Today, on the day of love, I am lying unshaven, on the sofa in tracksuit and flip-flops debating to myself about which film to go see in the cinema later this evening. I will be going to the film alone.
This is not a pity me party. In the last few years I have become quite at ease with doing stuff on my own.
I remember mitching from school at the age of 17 and going to see ‘Misery’ on my own.

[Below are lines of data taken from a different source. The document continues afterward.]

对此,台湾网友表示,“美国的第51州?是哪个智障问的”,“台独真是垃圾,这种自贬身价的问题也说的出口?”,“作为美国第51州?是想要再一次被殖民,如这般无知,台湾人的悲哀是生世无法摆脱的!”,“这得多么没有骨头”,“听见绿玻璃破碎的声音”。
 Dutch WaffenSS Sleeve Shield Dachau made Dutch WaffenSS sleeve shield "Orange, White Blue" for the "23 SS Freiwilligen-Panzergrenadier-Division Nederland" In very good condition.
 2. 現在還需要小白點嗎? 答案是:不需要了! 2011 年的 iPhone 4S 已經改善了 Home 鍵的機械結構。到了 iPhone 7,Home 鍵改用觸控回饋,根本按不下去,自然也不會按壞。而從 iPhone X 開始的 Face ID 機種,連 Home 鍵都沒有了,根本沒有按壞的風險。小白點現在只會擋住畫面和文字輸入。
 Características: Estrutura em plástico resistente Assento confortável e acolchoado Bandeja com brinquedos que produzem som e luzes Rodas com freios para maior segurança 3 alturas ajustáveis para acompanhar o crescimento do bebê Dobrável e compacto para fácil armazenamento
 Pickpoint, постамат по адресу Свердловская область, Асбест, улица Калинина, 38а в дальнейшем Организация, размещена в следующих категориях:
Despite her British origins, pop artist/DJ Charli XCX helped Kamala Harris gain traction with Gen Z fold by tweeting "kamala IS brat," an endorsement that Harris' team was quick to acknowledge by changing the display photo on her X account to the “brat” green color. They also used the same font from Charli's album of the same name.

There’s something about films that lends them well to solitary viewing. It’s to do with the fact that you have to concentrate. You shouldn’t go to the pictures for conversation. There’s little that annoy me more than people chatting when a movie is playing. A couple of weeks ago I saw ‘Room’ in Limerick. There were these 2 teenagers a few rows behind me who were passing remarks at everything that was happening on screen. I was about to ask them to shut up but I was beaten to this by the guy a few seats across who hissed ‘Will you shut up please’ at them. I was impressed. And to their credit they remained quiet for the rest of the showing. I suppose hearing a disembodied voice telling you you to shut up can be intimidating.

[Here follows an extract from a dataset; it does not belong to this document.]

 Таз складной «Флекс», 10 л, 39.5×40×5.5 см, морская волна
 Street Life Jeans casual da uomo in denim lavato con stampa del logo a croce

The point being anyway is that I have always been comfortable with going to the pictures alone.
Going in holidays alone is a slightly different matter. I have done this but would recommend it for short trips more than longer ones. Unless you are going on a resort holiday or in a group setting. I tend to prefer just taking off to a city on my own and planning my itinerary on arrival. Barcelona was my first solo holiday – I went for 5 days. It was fantastic, as it allowed me to do whatever I wanted to do, at my own pace. I probably saw more museums and galleries and other cultural shit than on any previous vacation, purely because the days are long on your own and you need to find stuff out to occupy your time. By day 5 I was glad to be going home – there was something missing by that point – company. Someone to turn to and say ‘Look at that’, I suppose.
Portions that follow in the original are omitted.